Open City Documentary Festival 2020 – Focus: Once Upon A Youth, The Sparks That Might Burn Down The House
On its first level, Once Upon a Youth is a tale often heard. Every country and every youth knows its Marko Čaklović: the self-destructive introvert genius artist who might have been the brightest light of its generation but died too soon. Our dreams and hopes are always with the dead ones, for they remain(ed) pure; they never had to deal with the compromises that so-called normal life demands of us, nor suffer the indignity of seeing their body disintegrate slowly. They remain beautiful and radiant forever.
And, hark!, everybody in Once Upon a Youth shines with a light unworldly due to the curious love with which Čaklović photographed them. His pictures—almost exclusively black-and-white and shot using 35mm film—make up the bulk of material in Ramljak’s film, alongside video footage shot on various materials. Interviewees (that one only hears, seeing them today would destroy the magic) introduce the wrong element of time, relegating the photographic and video material to the status of documents (or evidence) of what is said, and not the story’s carrier-cum-essence. While in the world of analogue photography we seem to remain in an unchanging present (instant), the moving images talk about development and time passing by. Do the photos represent Čaklović’s vision of a future he wasn’t sure he’d be around to see?
Note that the the VHS material at the beginning gives us a date: April 13th 1999. In the winter of that year, president Franjo Tuđman died marking the end of an era: the Republic of Croatia’s nascence after a five year war known under too many names. Among the many things unmentioned in the film is the war of 1991-95. Čaklović, Ramljak et al. had been born into the Yugoslav SFR in the 1970s, and were therefore still teenagers when Croatia unilaterally seceded from the Federation, spending their formative years in an atmosphere of homicidal chauvinism, fear and often scarcity, followed by years drenched with more jingoism and right-wing hubris.

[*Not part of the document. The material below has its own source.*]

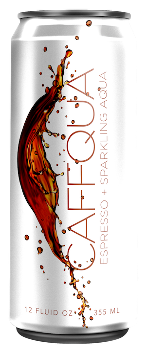 Caffqua is one shot of espresso caffeine splashed in sparkling water. Aqua is, of course, the Latin term for H2O.
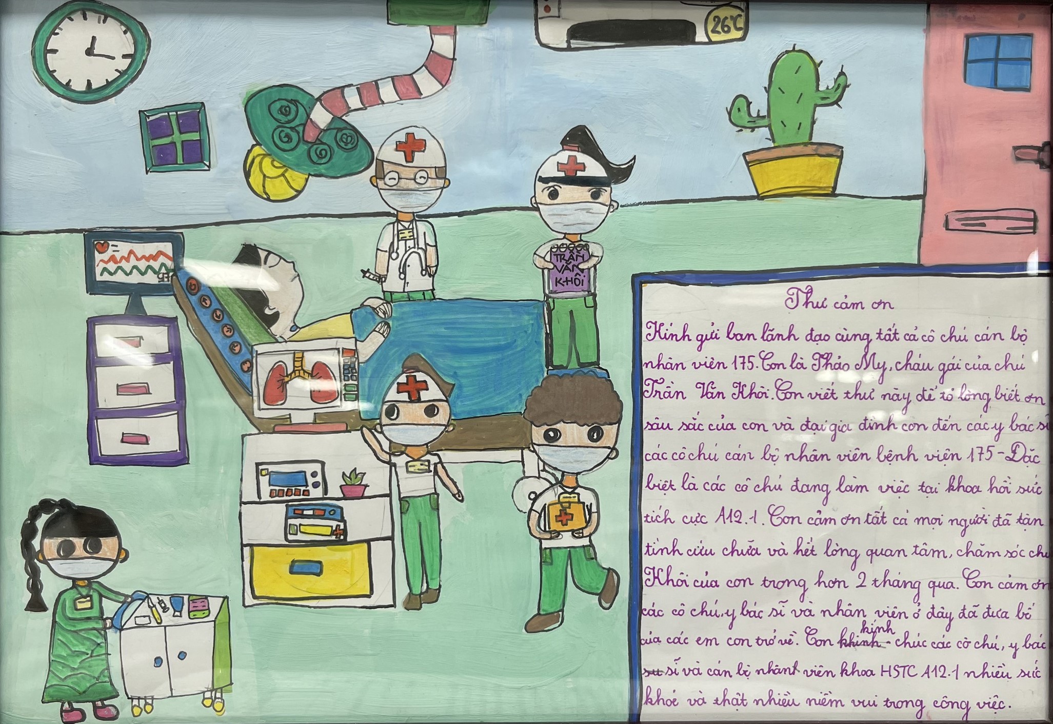 Từ góc nhìn của tuổi thơ, bé Thảo My đã vẽ lại hình ảnh các y bác sĩ đang khẩn trương, tận tình cứu chữa bệnh nhân. Bức tranh cùng những dòng chữ nắn nót, đầy cảm xúc chân thành của bé chính là món quà tinh thần tuyệt vời, vừa là niềm tự hào, vừa là nguồn động lực lớn để các y bác sĩ Khoa Hồi sức tích cực nội nói riêng và Bệnh viện Quân y 175 nói chung không ngừng nỗ lực vững bước trên con đường lương y cao quý.

There’s a peculiar dynamic at play in the film: there’s a desire for an impossible far and away that is embodied by Ramljak’s worship of the then-recently-deceased Nigerian Afrobeat legend Fela Kuti, but also an obsession with the particularities of the new homeland as exemplified by their summer trip exploring all of the inhabited islands of Croatia. If there is a meaningful past for the protagonists of Once Upon A Youth, it is to be found in the SFR Yugoslavia: when the C64 was new and Vučko (the Olympic mascot of the 1984 Winter Olympics in Sarajevo) could be heard howling “Sarajevooooooooooo!!!!!!!!!!” As objects whose meaning depends on the user, these are dead connections, whilst the living connections (the parents) are often conspicuously absent, busy with a present that is headed for a very different future.
One might also say that the film is a parallel creation to the reality of things; so much remains unmentioned that would give things a different edge. To take up a metaphor from Finnish rock maestro Kauko Röyhkä’s melancholily sardonic 1995 song “Kanerva”, this reality is of no relevance to the reverie here: for the celebration of the sparks that in some morrow might burn down the house.
Olaf Möller was born and still lives in Cologne. He writes about and shows films.